What you need to do ▸
Restate word for word the lines below from the one that has "Ansook Plastic Expanding" through the one that has "I want to grow", keeping both and dropping all pictures.

Exercise input ▸
****************************************
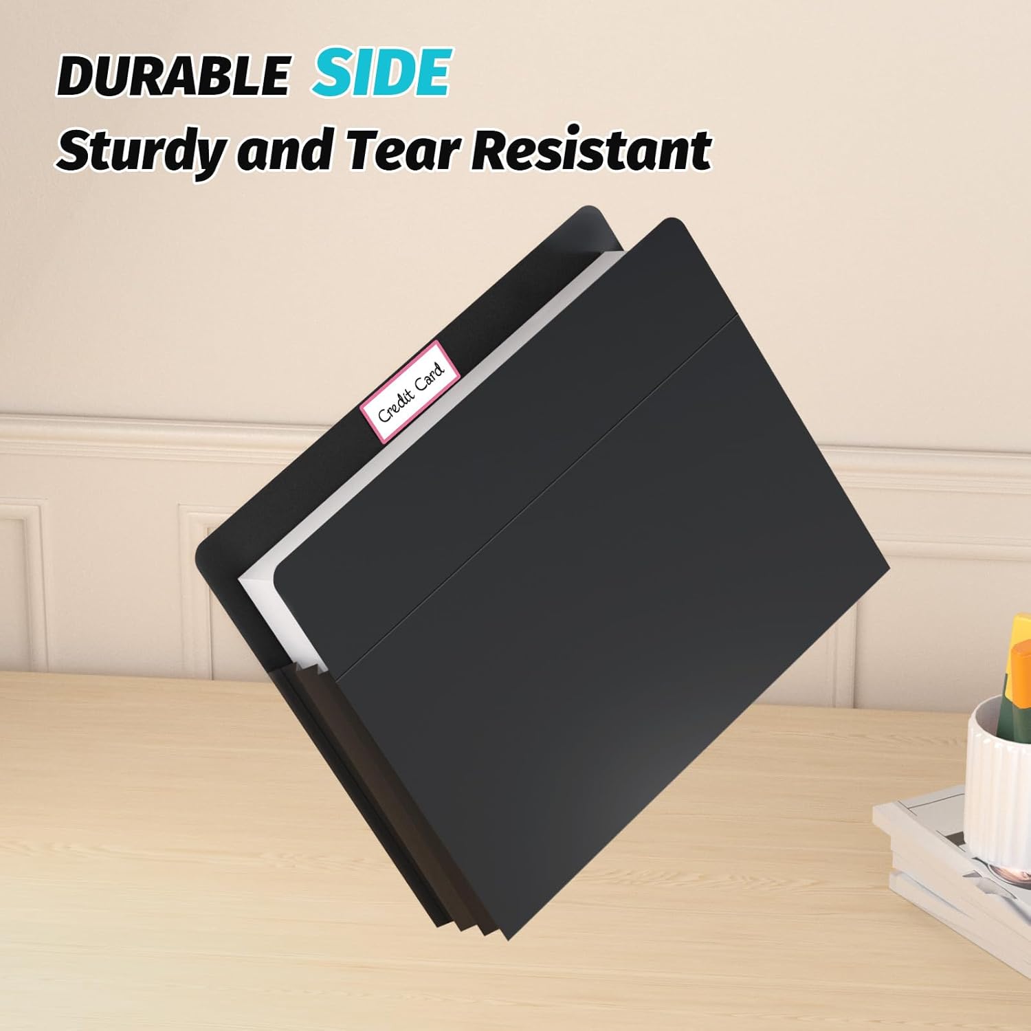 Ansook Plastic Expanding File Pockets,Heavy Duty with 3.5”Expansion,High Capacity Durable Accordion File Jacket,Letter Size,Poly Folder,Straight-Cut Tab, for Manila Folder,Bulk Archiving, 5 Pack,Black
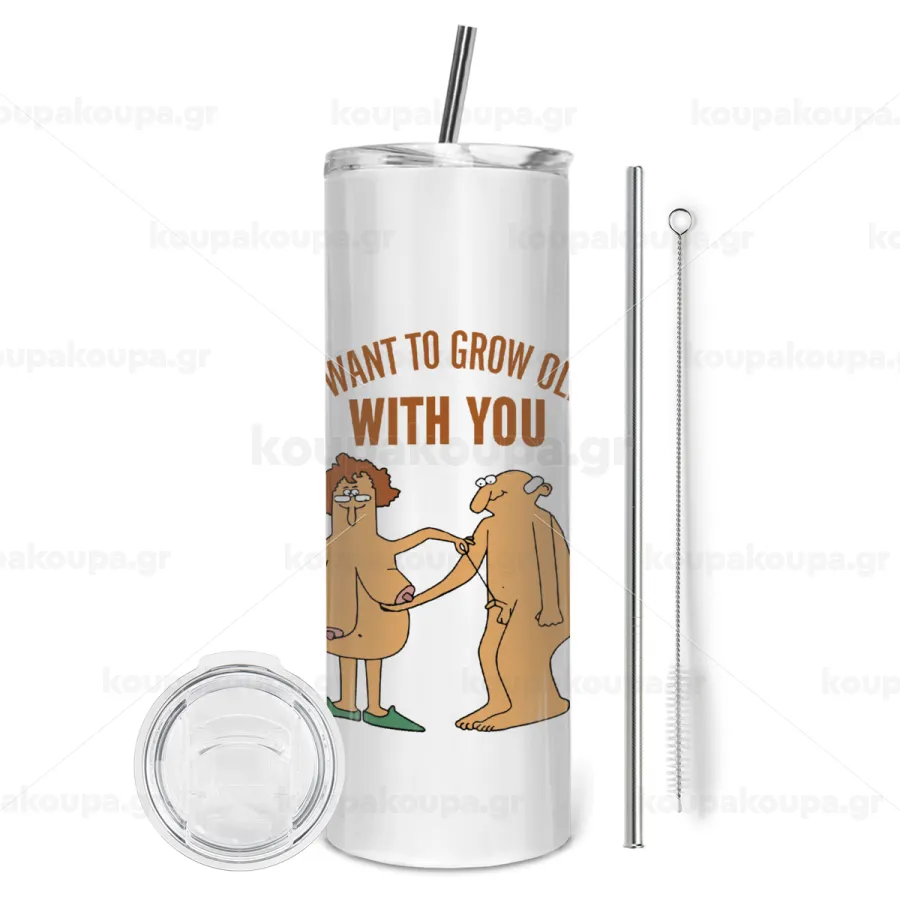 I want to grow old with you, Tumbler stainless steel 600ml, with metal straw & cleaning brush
****************************************
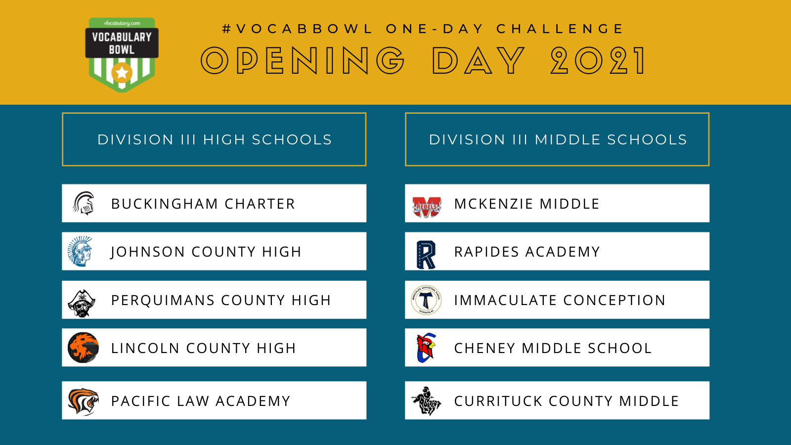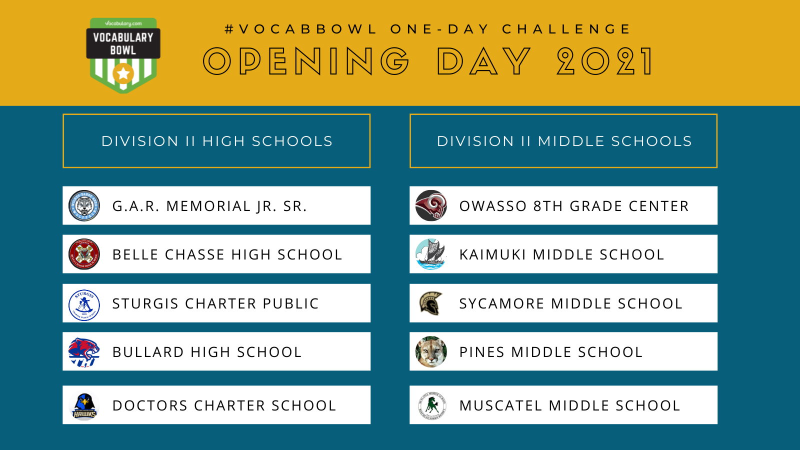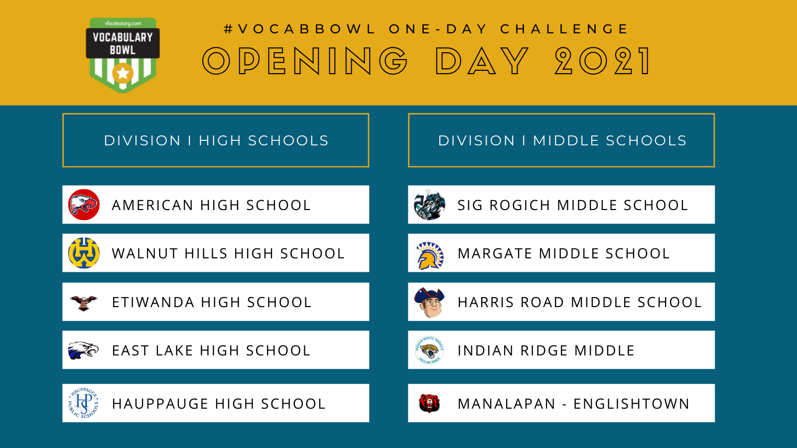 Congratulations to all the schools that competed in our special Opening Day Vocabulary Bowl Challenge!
****************************************
The answer ▸
 Ansook Plastic Expanding File Pockets,Heavy Duty with 3.5”Expansion,High Capacity Durable Accordion File Jacket,Letter Size,Poly Folder,Straight-Cut Tab, for Manila Folder,Bulk Archiving, 5 Pack,Black
 I want to grow old with you, Tumbler stainless steel 600ml, with metal straw & cleaning brush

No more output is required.